Looking East From 17 St. Bridge Over 10 Freeway

Having lived for a number of years in the area and now on both sides of the I-10 freeway, there is no denying the neighborhood often feels like two separate worlds across that deep chasm. My wife Meghan has encountered being told once that we "don't really live in the Pico Neighborhood", now that we are living on the north side of the freeway. The bridges adjacent on and off ramps  are often terrible places to try and walk or bike. The choke points created by having so many north/south streets no longer connecting in the grid, and the pull of vehicles to those on-ramps, creates headaches for drivers trying to cross at peak times.

The outreach and studying for the proposed greenway is being funded by a Caltrans Environmental Justice Grant, specifically to improve air quality and quality of life in areas that got dumped on by state highway planners in the past. The most horrible, dangerous, and uncomfortable places to be in the neighborhood are those areas managed by Caltrans or nearest its handiwork, so they definitely owe the community.

Michigan Ave Greenway Pres. And Walk Audit

The format of the workshop portion was very loose and open. There's no diagrams of anything yet, and members of the public were led on routes through the neighborhood with clip boards jotting notes on their surroundings. There were 2 bike groups, led with help by  Santa Monica Spoke, and 2 walking groups all covering slightly different territory.

I went out with one of the walking groups, in part because I think the pace of walking is the best way to take in the details of any environment. Also because I was interested in listening to and chatting with more folks outside the usual bike advocacy circles. It’s great to get out and walk around the environment of a proposal area. Photos in a slide show often miss the details, and the real world experience of traffic volumes, speed, sound, and the tension at certain crossings. We saw at least one instance of a driver blowing a red light at high speed on our walk.

Talking and walking with people also seems to foster more genuine dialogue than sitting across in chairs. Out in the field it was plainly obvious to just about everyone in my group where enhancement is needed, especially at and around the connections with streets that cross the freeway.

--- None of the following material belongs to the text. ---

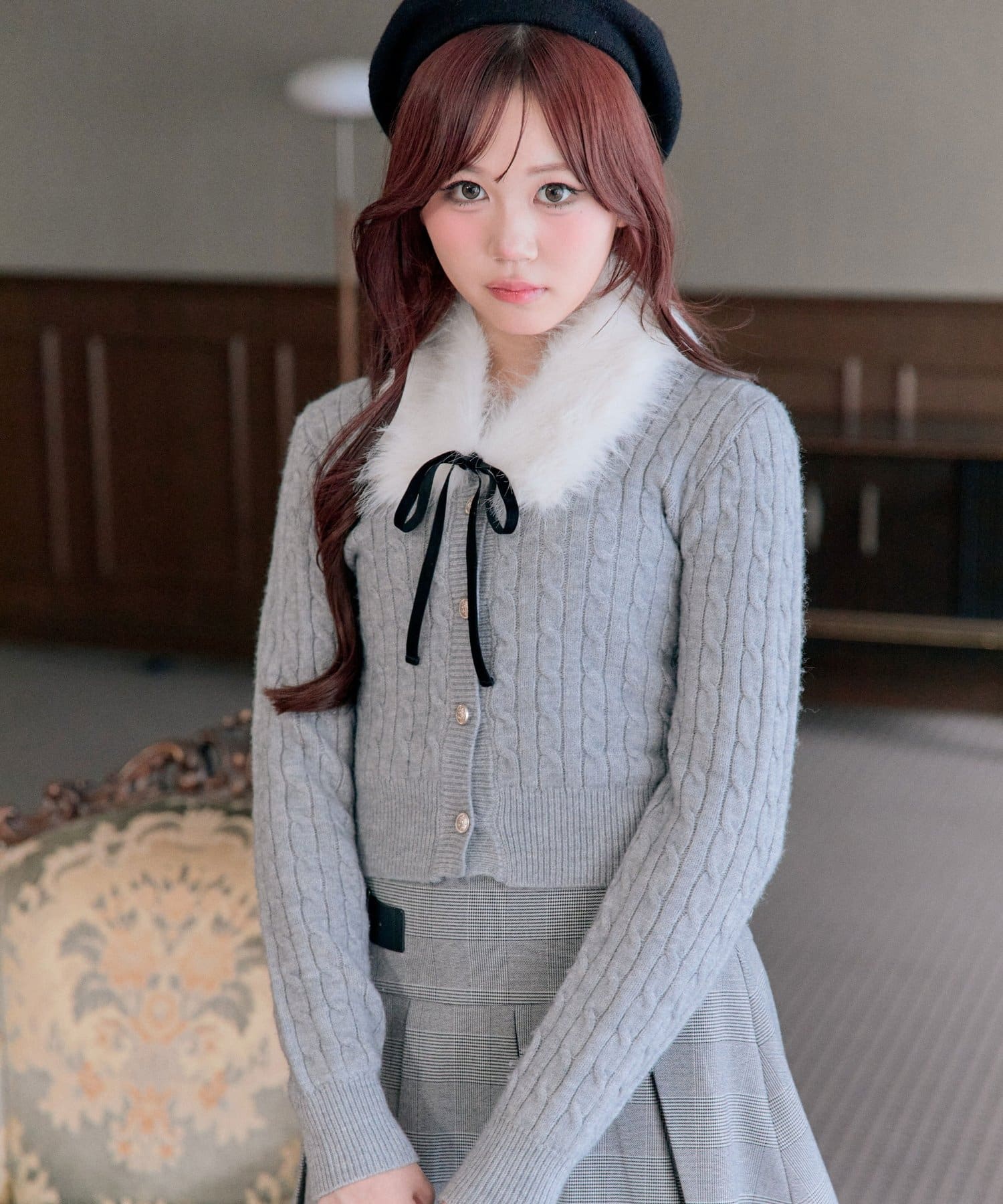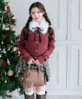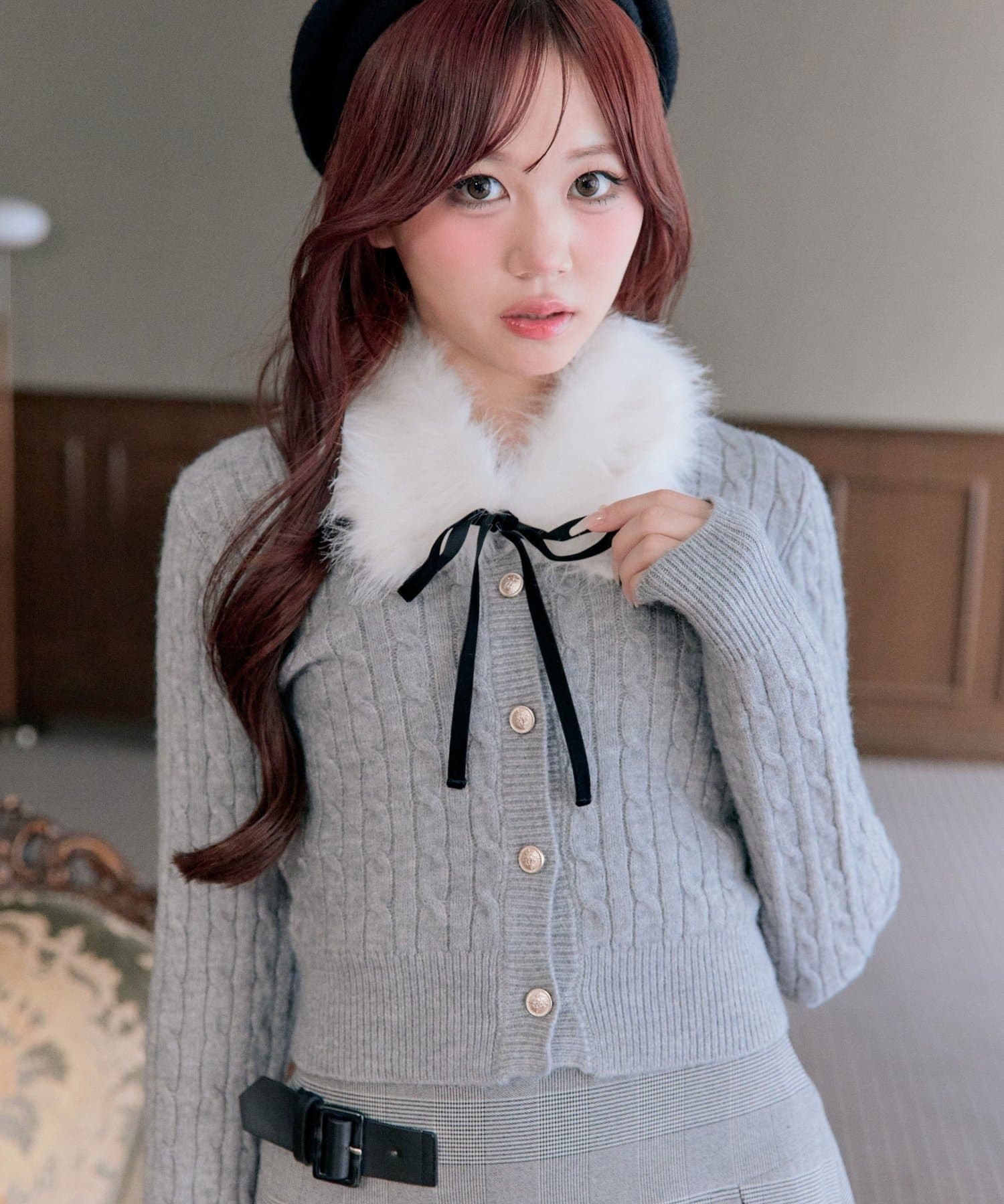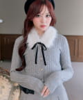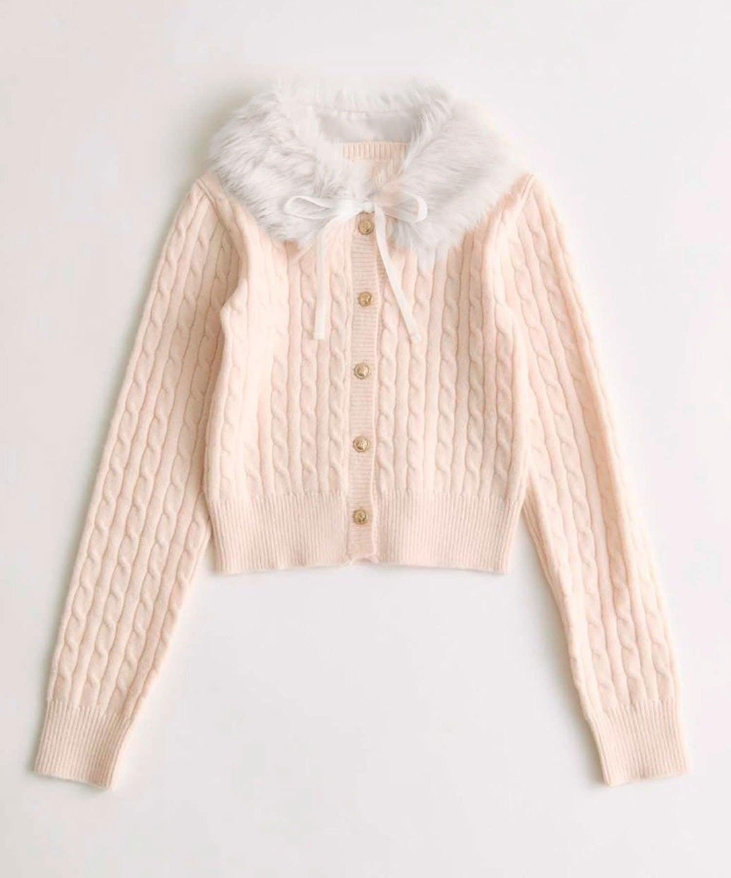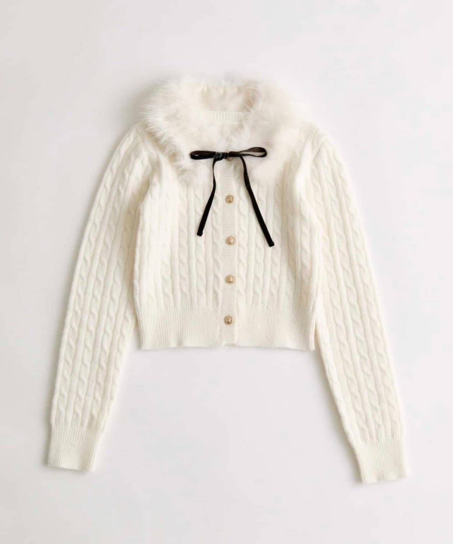 ・ベロアリボン付きのファーティペットと、金ボタンが映えるケーブルカーディガンのセット。

As someone who spent a lot of time living right off of Michigan Ave., walking and biking the corridor often, and still uses Michigan regularly as a bike route alternative to the fist clenching adrenaline fests of Pico Blvd. and Olympic, I have high hopes for this corridor to be calmed a little. The traffic volumes are lower than adjacent corridors, but are enough, and fast enough, at certain times, to be stressful and threatening, to the detriment of related efforts to foster more walking and bicycling to campus for Samohi. The Michigan Avenue corridor is an absolutely critical alternative connection.

Neighborhood Greenway Features Portland OR

In my time wondering Portland, Oregon by bike, it was their network of neighborhood greenways which left the biggest impression on me. These became my go to routes for navigating many parts of the city. The speeds were slow enough, the volumes low enough, that the greenways were chill environments to ride and conducive to side by side conversational cycling with friends without harassment. The signage and markings made them easy to navigate to find where you were going even as a tourist, and bike ridership on some corridors seemed to far exceed the car traffic.

The slate is pretty open for how things may take shape, and I encourage people to get involved. If you live in the Pico Neighborhood area or know people who do, maybe chat it up with them or with neighbors. The more support we can turn out from people in the immediate area the better. Some potential design features including neighborhood roundabouts (which I love for reducing top speeds and turn conflicts) may be more controversial than others. We need a broad coalition to ensure this corridor reaches the full potential of what a neighborhood greenway network could be.

This goes far beyond bicycling, it's about enhancing public safety, public health and our environment.